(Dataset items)

§

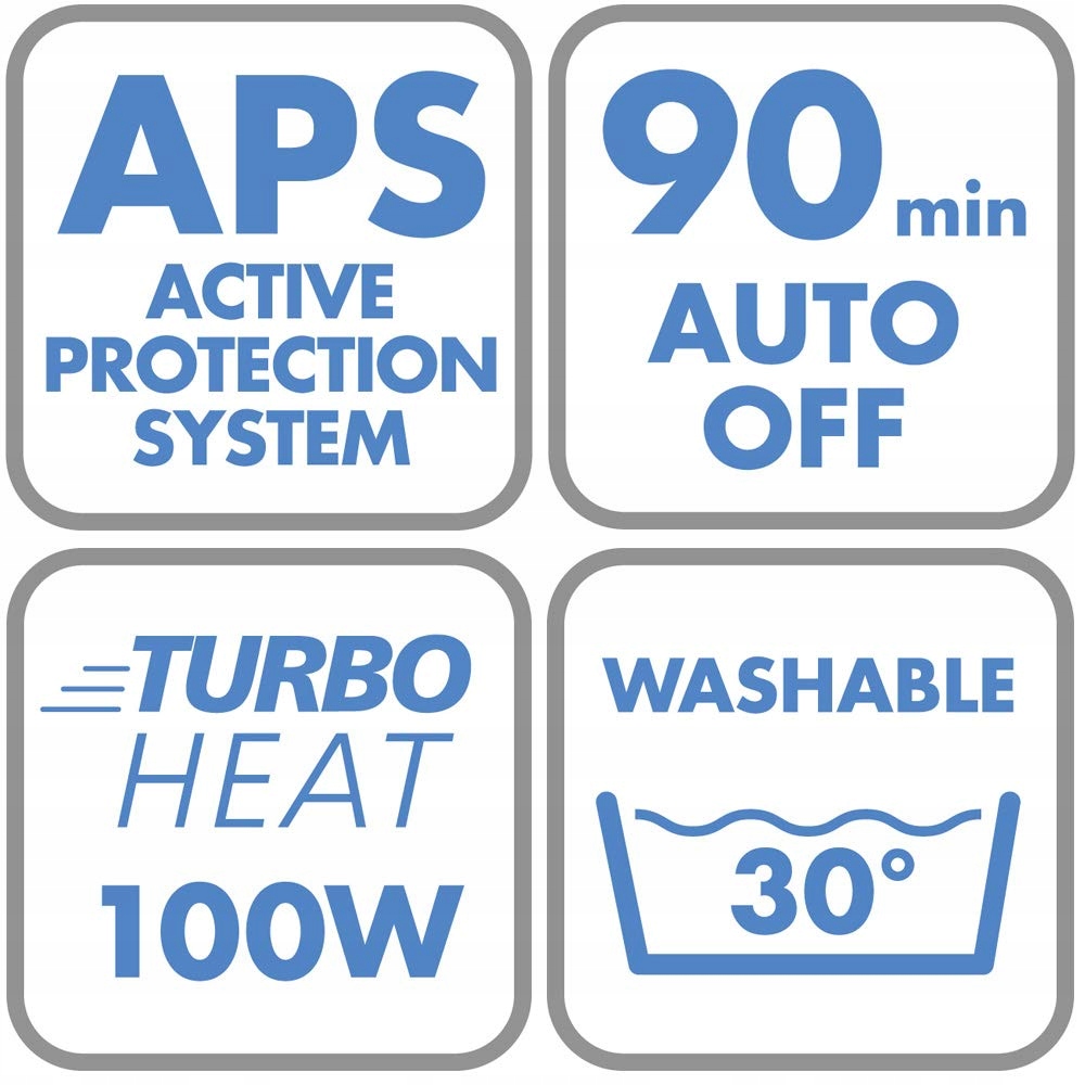 Automatyczne wyłączenie po 90 minutach. System bezpieczeństwa z ochroną przed przegrzaniem
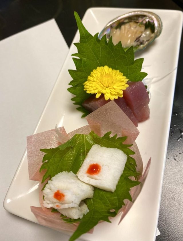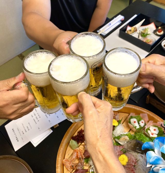 「うなぎがあるよ」「刺身がうまい」「きれいな盛り付け〜」「ドリンクお代わりは?」「僕はウイスキー」「私は梅酒」
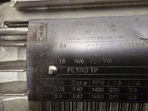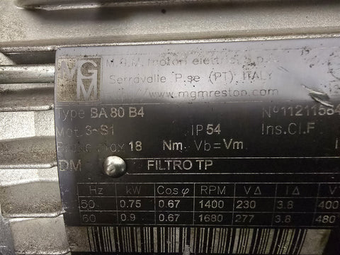 MGM BA80B4 .9kW AC Motor 1800RPM 4P 3PH 80B 230/277V 60Hz [[Description]]BV 166504---SS284-W-1-3-4-B---45.00
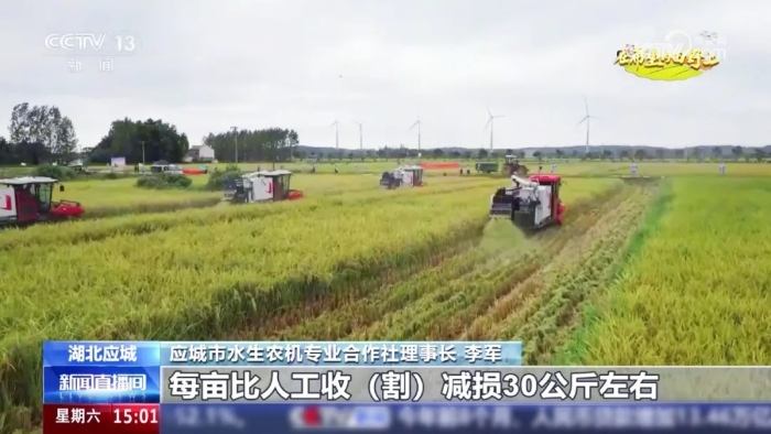 9月20日,中央电视台新闻频道《新闻直播间》“在希望的田野上”栏目将镜头对准湖北应城,报道了八台星空官方网页版XR720履带式谷物联合收获机在当地开展大规模糯稻收割的丰收盛景——履带滚滚,金黄的稻穗迅速被吞入机器,顷刻间完成收割、脱粒、清选等一系列作业,颗颗饱满的籽粒稳稳落入粮仓。
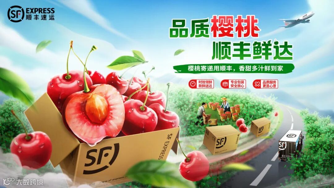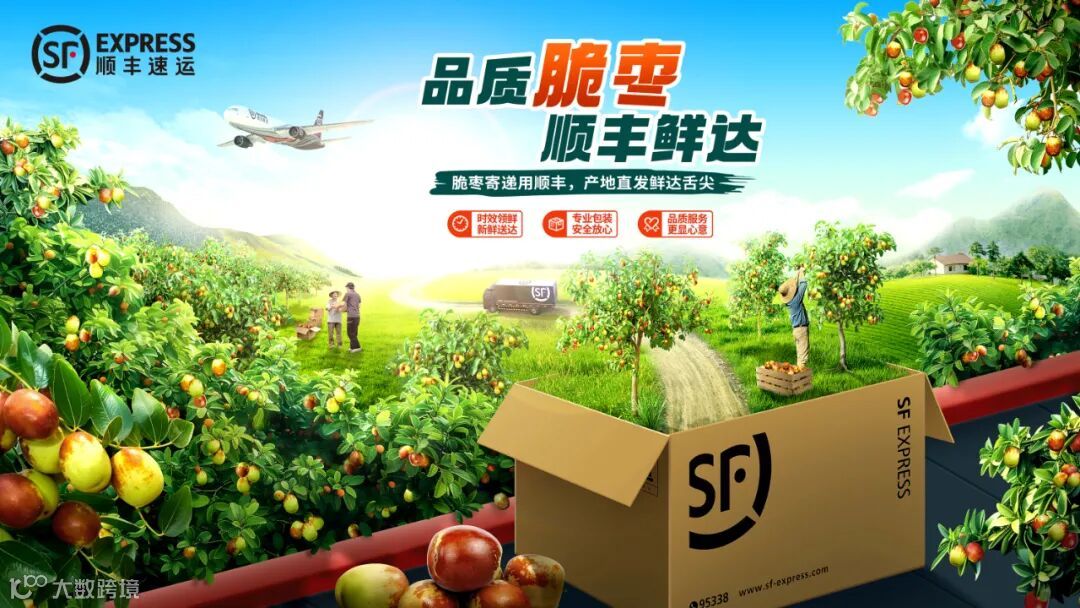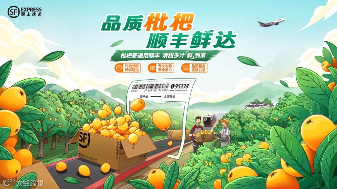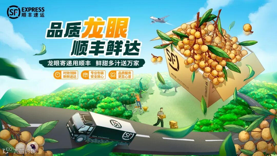 就是让画面中的元素按近景、中景、远景分布,比如在下图中,画面左右两边的枇杷是近景,装满枇杷的顺丰纸箱和快递单是中景,远处的顺丰车、果树和山是远景,并且这三层景沿着一条传送带由近及远,空间感关系由此得到强化。
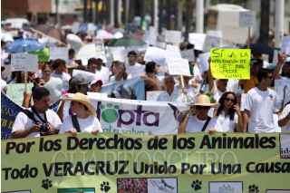 VERACRUZ, VERACRUZ., 22MAYO2010.- Aproximadamente 350 personas marcharon en distintos puntos del Boulevard Ávila Camacho para protestar en contra del maltrato animal y exigir a las autoridades que se implementen leyes que protejan a los animales, en el marco del día de la biodiversidad estas manifestaciones se efectuaron en varias ciudades del estado y del país. FOTO: FÉLIX MÁRQUEZ/CUARTOSCURO.COM
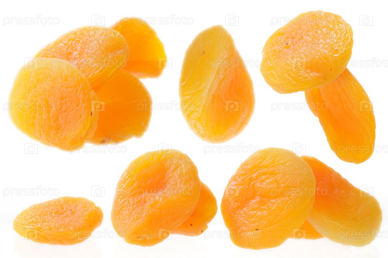 Близкий план нескольких сушеных абрикосов, изолированных на белом
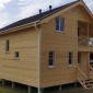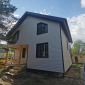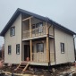 В марте 2023г завершилось строительство каркасного дома по проекту Д-34. Каркас дома - сухой, строганый, обработан антисептиком. Каркас стен снаружи обшит ОСБ и сайдингом Дёке, внутри имитацией бруса. Потолки подшиты вагонкой. Утепление стен - Роквул 150мм, полы и потолки утеплены в 200мм. Окна ПВХ двухкамерные. Кровля металлочерепица.
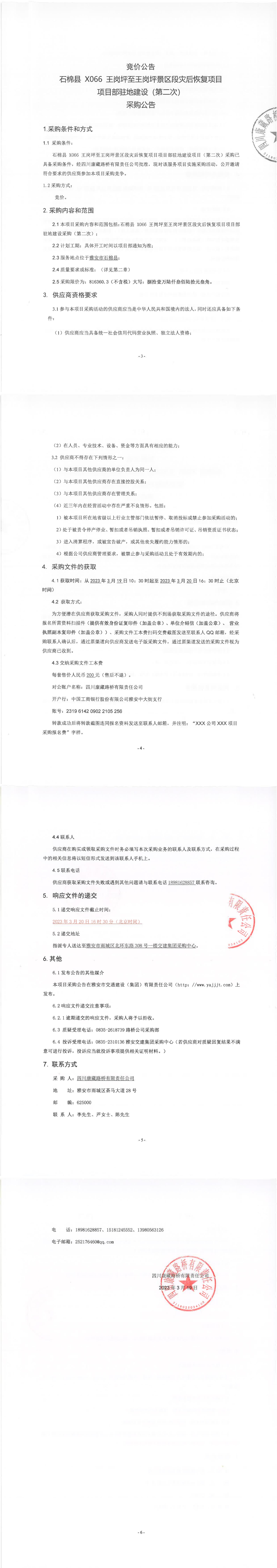 四川康藏路橋有限責任公司石棉縣X066王崗坪至王崗坪景區(qū)段災后恢復項目項目部駐地建設(第二次)采購公告

§

- What the task asks
Reproduce only the lines from the beginning of the data through the line that contains "9月20日,中央电视台新闻频", both included, and please drop the pictures.

- Response to the task
 Automatyczne wyłączenie po 90 minutach. System bezpieczeństwa z ochroną przed przegrzaniem
 「うなぎがあるよ」「刺身がうまい」「きれいな盛り付け〜」「ドリンクお代わりは?」「僕はウイスキー」「私は梅酒」
 MGM BA80B4 .9kW AC Motor 1800RPM 4P 3PH 80B 230/277V 60Hz [[Description]]BV 166504---SS284-W-1-3-4-B---45.00
 9月20日,中央电视台新闻频道《新闻直播间》“在希望的田野上”栏目将镜头对准湖北应城,报道了八台星空官方网页版XR720履带式谷物联合收获机在当地开展大规模糯稻收割的丰收盛景——履带滚滚,金黄的稻穗迅速被吞入机器,顷刻间完成收割、脱粒、清选等一系列作业,颗颗饱满的籽粒稳稳落入粮仓。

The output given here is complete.